Activation of anion currents in guard cell protoplasts by extracellular and intracellular ABA. (A) Voltage ramps in the presence of different ABA concentrations in the pipette solution were applied and peak currents were determined, as in Fig. 4. The maximum currents during the ABA responses were normalized to the cell capacitance and plotted as a function of the ABA concentration (error bars represent SE, n indicates number of cells). Two cells with unusually high ABA responses were not included in the analysis.
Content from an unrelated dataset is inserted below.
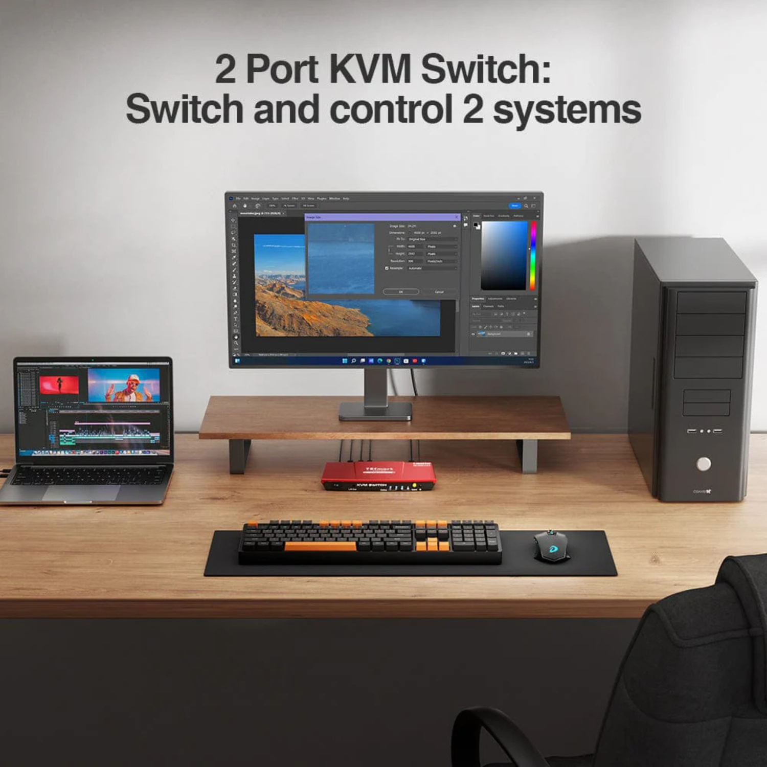تحكّم بجهازين كمبيوتر باستخدام شاشة واحدة ولوحة مفاتيح وفأرة واحدة مع محول TESmart KVM HDMI الاحترافي، المصمم لبيئات العمل، الألعاب، والبث، مع دعم 4K حقيقي وجودة صورة وصوت بدون أي تأخير.

Filled symbols represent data obtained with a pipette solution containing 50 mM BAPTA instead of 10 mM EGTA. (B) Time courses of peak currents from voltage ramps as shown in Fig. 4A Upper, recorded after whole-cell access. Time courses are shown for representative experiments in which 20 μM ABA was given at the extracellular face (filled symbols) or 10 μM ABA was applied by means of the pipette solution (open symbols). (Inset) Average peak currents after intracellular (open symbols), or extracellular (filled symbols) ABA application, or without ABA (contr.). Error bars represent SE, n indicates number of cells.